Het wonder werkt van Pam Emmerik gaat over kunst en kijken. Het is concreet en persoonlijk, vol rijke en rake details. Briljant is de tussenhaakjesopmerking over wolkenluchten (de enige natuur in een stad); goed vanwege het achteloze tussen neus en lippen door – de vorm – en vanwege de observatie. Sindsdien kijk ik vaker omhoog, om wat meer in de natuur te zijn.
De beul en de vlinder, het verhaal over de wedijver tussen Picasso en Matisse is één van de mooiste essays in de bundel, een dubbelportret over twee kunstenaars die zo’n beetje de hele twintigste eeuw belichamen. Toeval bestaat. Toen ik tijdens het lezen van het boek de tv aanknipte zag ik Picasso – naakt – in zijn atelier schilderen. Hij was druk bezig Matisse te overtreffen.

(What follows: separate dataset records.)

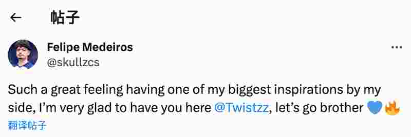 Felipe Medeiros | skullz:我最大的精神支柱之一如今就在身边,这种感觉太棒了。我很高兴能有你作为队友,一起冲冲冲!
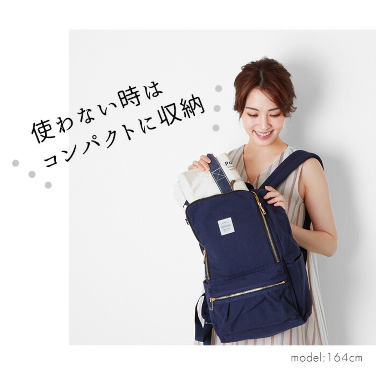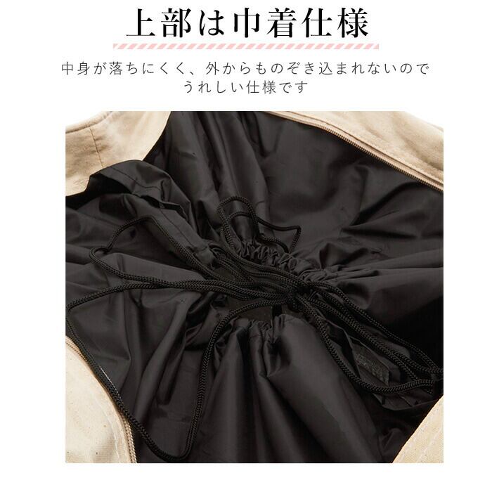[ボタン]プラスチック(PE) [アルミ]PEアルミ蒸着・ウレタン [テープ]ポリエステル [本体:生成り部分]8oz帆布綿100% [本体:ネイビー部分]ポリエステル100% [巾着部分]ポリエステル [ポケットメッシュ生地]ポリエステル [ファスナー]樹脂・亜鉛合金
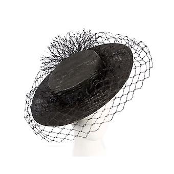Black boater hat with face veil by Fillies Collection S305B
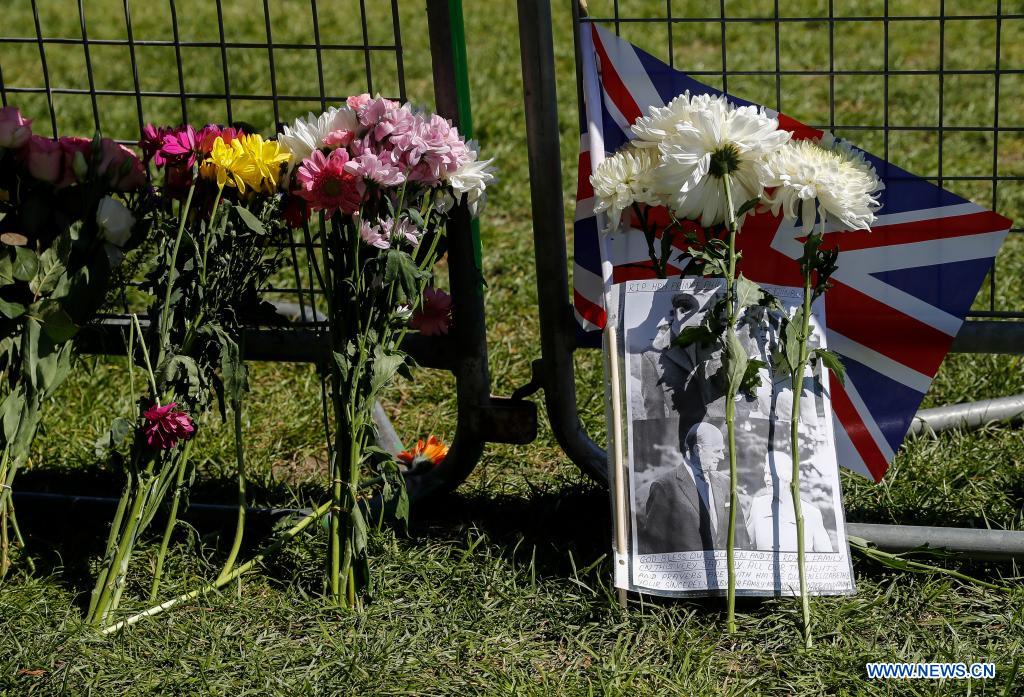 Photo taken on April 17, 2021 shows floral tributes placed on the Long Walk outside Windsor Castle ahead of the funeral of Britain's Prince Philip, the Duke of Edinburgh, in Windsor, Britain. The funeral of the Duke of Edinburgh was held Saturday in Windsor in line of the British government's coronavirus restrictions. Britain fell silent for a minute of reflection ahead of Prince Philip's funeral which began at 15:00 BST (1400 GMT) at St. George's Chapel, in the grounds of Windsor Castle, which is about 35 kilometers away from central London. (Xinhua/Han Yan)
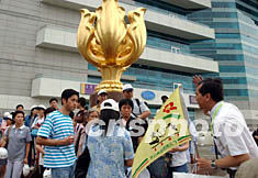 廣之旅三百人大型旅游團六月十四日在香港金紫荊廣場拉開香港游序幕,使該旅游景點人氣重現。潘索菲 攝
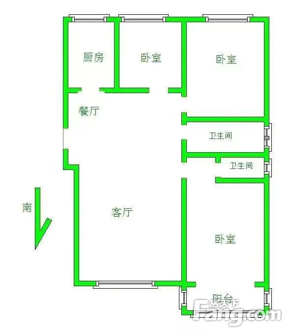 本房源户型图与照片和一致,南北通透,实用小三室
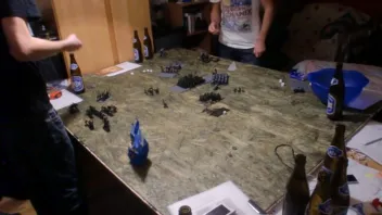 Wir haben 4 Spanholzplatten zum zusammenstecken, die jeweils 48"x24" sind und spielen meistens auf 3 Platten davon - die letzte wird dann meistens noch zum abstellen verwendet (für 6000 Punkteschlachten haben die 72" von 3 Platten breite bisher gereicht, auch wenns fürs Imperium eng wurde

Er werd ingezoomd op Les demoiselles d’Avignon. De camera draaide om het schilderij heen alsof het een achterkant had (had het niet). Toen onthulde een kunsthistoricus een ansichtkaart uit 1906 waaraan Picasso zijn meesterwerk had ontleend. Dat was slikken, maar niet voor lang: iedere kunstenaar steelt, wat dacht ik dan?
Bladerend in Emmeriks boek valt mijn oog op de zin ‘een verhaal dat tegenspartelt in de buik van een ander verhaal.’ Dat is het precies. Al die verhalen die tegenspartelen in de buik van andere verhalen.